→ Assigned task:
Leaving out the pictures, write the following records exactly as they read.

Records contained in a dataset
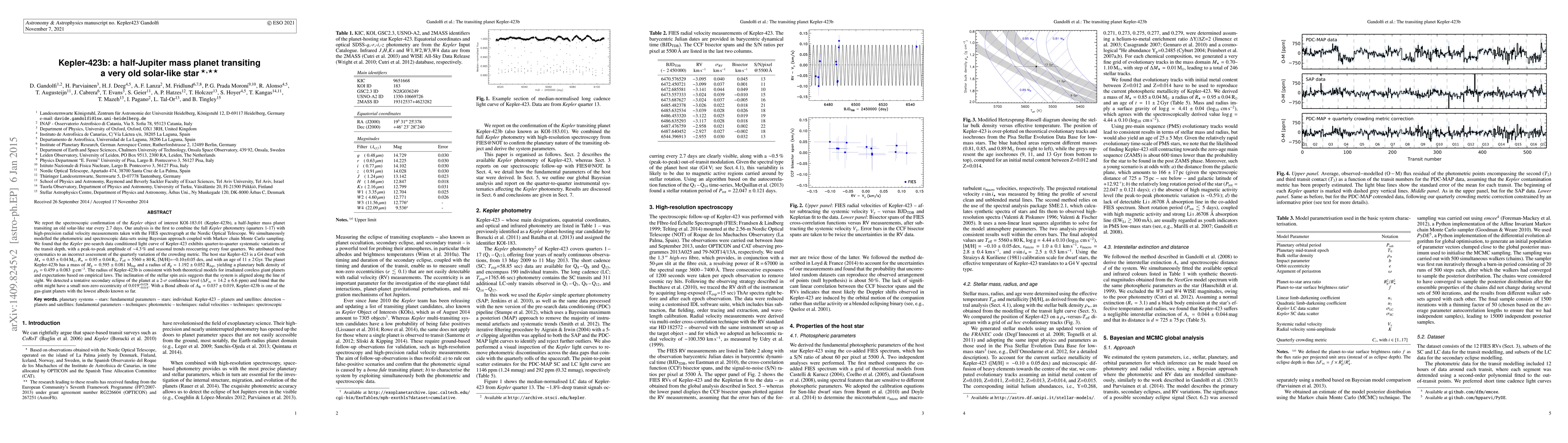 This study confirms the existence of Kepler-423b, a half-Jupiter mass planet orbiting an old solar-like star every 2.7 days. Using combined Kepler photometry and FIES spectrograph radial velocity data, researchers determined the planet's mass, radius, and bulk density, finding it to have a low albedo and a possible small orbital eccentricity.
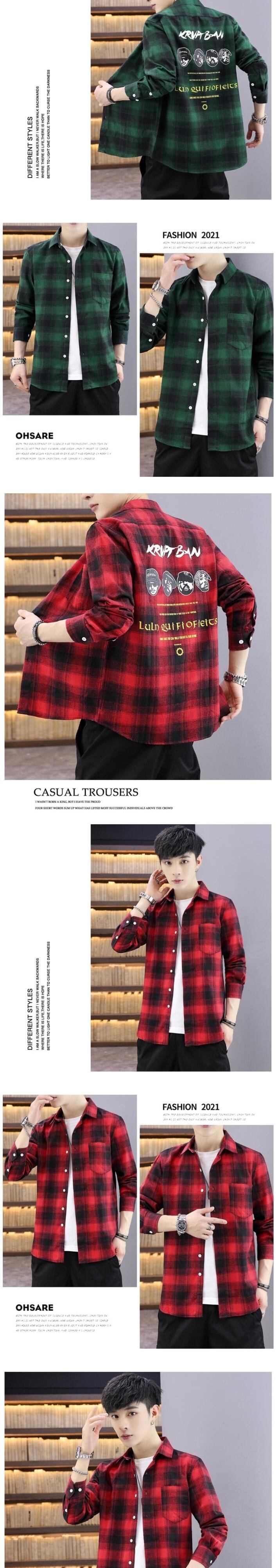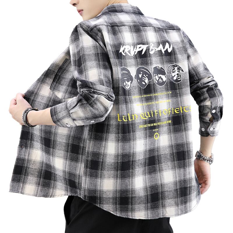Plaid shirt men's long-sleeved autumn thin section trendy ruffian handsome men's shirt jacket casual loose and handsome inch clothes ロング カジュアル オータム 秋物 doushi91076222794
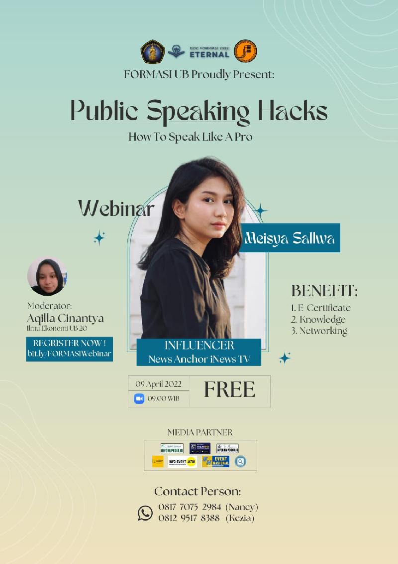 Don’t worry, guys! FORMASI Brawijaya University invites you to learn more about public speaking from an expert through our webinar entitled:
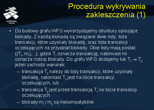 - wykrywanie i rozwiązywanie zakleszczenia,
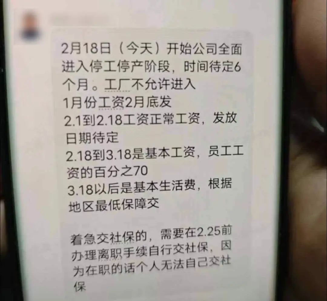 1月底工资2月底发;2.2到2.18正常工资,发放日期待定;2.18~3.18全额工资的70%;3.18以后,根据地区最低保障交,每个月2690元。

→ Result:
 This study confirms the existence of Kepler-423b, a half-Jupiter mass planet orbiting an old solar-like star every 2.7 days. Using combined Kepler photometry and FIES spectrograph radial velocity data, researchers determined the planet's mass, radius, and bulk density, finding it to have a low albedo and a possible small orbital eccentricity.
Plaid shirt men's long-sleeved autumn thin section trendy ruffian handsome men's shirt jacket casual loose and handsome inch clothes ロング カジュアル オータム 秋物 doushi91076222794
 Don’t worry, guys! FORMASI Brawijaya University invites you to learn more about public speaking from an expert through our webinar entitled:
 - wykrywanie i rozwiązywanie zakleszczenia,
 1月底工资2月底发;2.2到2.18正常工资,发放日期待定;2.18~3.18全额工资的70%;3.18以后,根据地区最低保障交,每个月2690元。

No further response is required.